Nursing works with other health disciplines to improve SC's health
By John Brunelli, email@example.com, 803-777-3697
The Carolina Family Practice, operated by nursing faculty, has a new home to better serve its patients. In November, the clinic opened at 1410 Blanding St. in downtown Columbia as part of its new affiliation with Palmetto Health USC Medical Group.
The nurse practitioners treat acute problems such as a sinus infection, but also a wide-range of chronic conditions such as diabetes, hypertension, thyroid disease and mental problems. They also conduct well-child care and physicals.
For many of the patients, 60 percent of whom are on Medicaid, the clinic is a lifesaver.
“If we weren’t here, many people would have a problem finding a medical home,” says Toriah Caldwell, the clinic director. “The continuity of care is very important.”
“We really listen to our patients because we want to include them in the treatment plan,” Caldwell says. “We want them to come up with a plan for any lifestyle changes that need to be made and not just hand them a prescription and say, ‘take this medicine.’ ”
Caldwell says the clinic focuses on being accessible to its patients by offering same-day appointments and allowing for walk-ins, similar to what you would find in a hospital emergency room.
The South Carolina Hospital Association estimates the typical emergency room visit costs approximately $1,100. At that rate, Stephanie Burgess, associate dean for health practice and policy, estimates the clinic saved Richland County and South Carolina taxpayers $2.8 million in 2015.
The cost-savings is greater when taking into consideration the influence the College of Nursing has had on health care throughout the state. When the college’s clinic opened in the 1990s, it was the first nurse practitioner practice in South Carolina. Burgess estimates there are now more than 20 nurse-run clinics statewide.
“Most of the clinics, if not all of them, are serving rural or underserved population,” Burgess says. “And many of those nurse practitioners are Carolina graduates.”
The Carolina Family Practice also allows students to receive much needed training. Students in the graduate nurse practitioner program usually get 700 hours of direct patient care.
“They have role models right here because all of us are affiliated with the university,” Caldwell says.

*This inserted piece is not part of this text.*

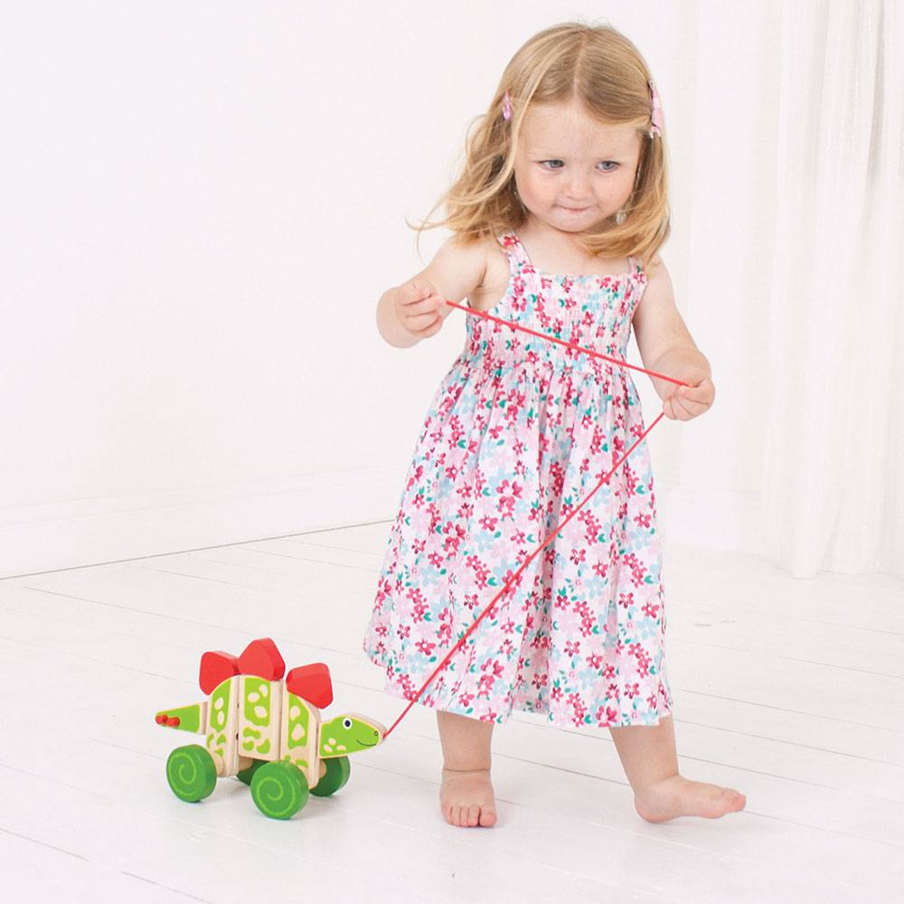 Roar! Our Wooden Dinosaur Pull Along Toy is ready for a new adventure! Encourage your little one's dexterity and confident mobility with this bright pull along toy Stegosaurus. Great for nurturing creative ideas and imaginative play.

And it’s not just nursing students who are benefiting from the clinic. Social work and pharmacy students also perform clinical hours. A social work student may have a better understanding of what’s happening at home that prevents a patient from changing their lifestyle. Pharmacy students can advise if a patient is taking a medicine incorrectly.
“Each discipline brings its own expertise and importance to the health care paradigm,” Caldwell says. “It’s good for the students to learn at this level — how everyone can work together and provide the best outcomes for the patient.”

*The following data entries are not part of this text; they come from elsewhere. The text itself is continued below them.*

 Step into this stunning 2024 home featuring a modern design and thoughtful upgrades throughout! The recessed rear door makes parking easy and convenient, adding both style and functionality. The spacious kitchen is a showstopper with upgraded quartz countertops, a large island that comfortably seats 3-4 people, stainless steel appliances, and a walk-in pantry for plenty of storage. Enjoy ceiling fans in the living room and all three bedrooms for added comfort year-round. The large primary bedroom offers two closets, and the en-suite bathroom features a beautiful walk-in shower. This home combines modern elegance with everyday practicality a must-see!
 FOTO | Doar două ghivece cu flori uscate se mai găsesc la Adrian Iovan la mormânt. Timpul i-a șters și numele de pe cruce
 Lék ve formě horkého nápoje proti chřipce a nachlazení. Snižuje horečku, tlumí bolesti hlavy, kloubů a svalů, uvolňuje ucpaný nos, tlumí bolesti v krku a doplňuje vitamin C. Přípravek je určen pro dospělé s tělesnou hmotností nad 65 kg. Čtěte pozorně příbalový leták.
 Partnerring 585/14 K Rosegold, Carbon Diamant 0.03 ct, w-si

While 90 percent of the patients are on Medicaid and Medicare, the practice does have clientele with private insurance including many university faculty and staff. Caldwell expects an increase in university-related patients now that the new location is closer to campus.
The clinic is open from 7:30 a.m. until 4:30 p.m. Monday, Wednesday and Thursday; 7:30 a.m. until 5 p.m. on Tuesdays and 7:30 a.m. until 1 p.m. on Friday.
The Carolina Family Practice will host an open house 4-7 p.m., Tuesday (Jan. 16).